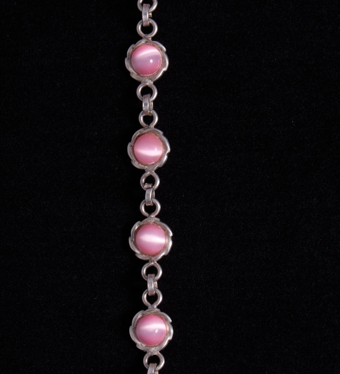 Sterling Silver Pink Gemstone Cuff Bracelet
————
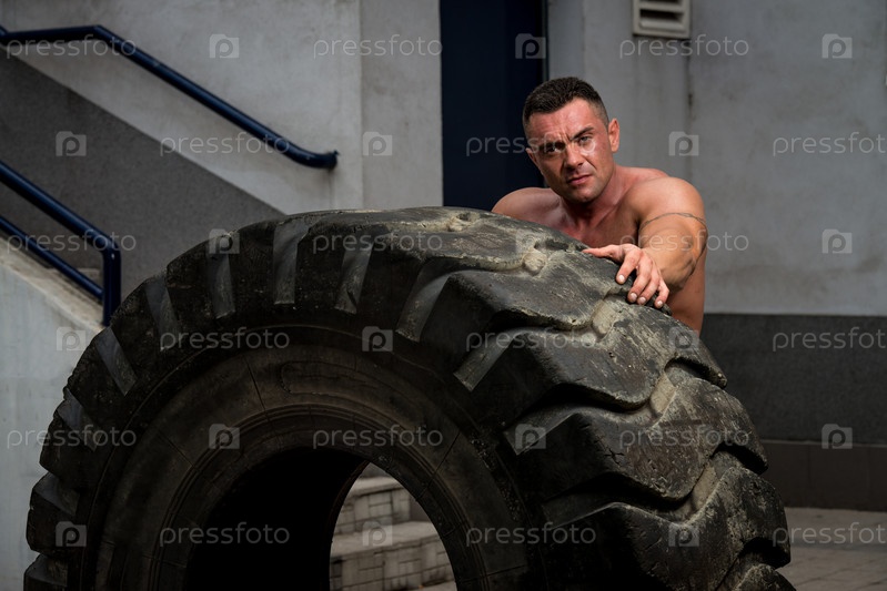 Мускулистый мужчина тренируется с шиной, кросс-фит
————
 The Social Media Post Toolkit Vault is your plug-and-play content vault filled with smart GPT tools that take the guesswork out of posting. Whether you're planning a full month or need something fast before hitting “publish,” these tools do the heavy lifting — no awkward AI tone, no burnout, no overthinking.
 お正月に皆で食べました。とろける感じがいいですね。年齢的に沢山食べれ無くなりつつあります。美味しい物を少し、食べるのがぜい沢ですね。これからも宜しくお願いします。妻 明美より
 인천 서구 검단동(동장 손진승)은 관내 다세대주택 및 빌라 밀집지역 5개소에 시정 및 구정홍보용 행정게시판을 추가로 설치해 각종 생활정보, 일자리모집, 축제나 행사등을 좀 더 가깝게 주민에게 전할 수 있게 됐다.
————
DIRECTIONS FOR THIS TASK —
Please reproduce exactly the lines in the listing above from the one containing "お正月に皆で食べました。とろ" through the one containing "인천 서구 검단동(동장", both included, and nothing more.

REPLY TO THE EXERCISE —
 お正月に皆で食べました。とろける感じがいいですね。年齢的に沢山食べれ無くなりつつあります。美味しい物を少し、食べるのがぜい沢ですね。これからも宜しくお願いします。妻 明美より
 인천 서구 검단동(동장 손진승)은 관내 다세대주택 및 빌라 밀집지역 5개소에 시정 및 구정홍보용 행정게시판을 추가로 설치해 각종 생활정보, 일자리모집, 축제나 행사등을 좀 더 가깝게 주민에게 전할 수 있게 됐다.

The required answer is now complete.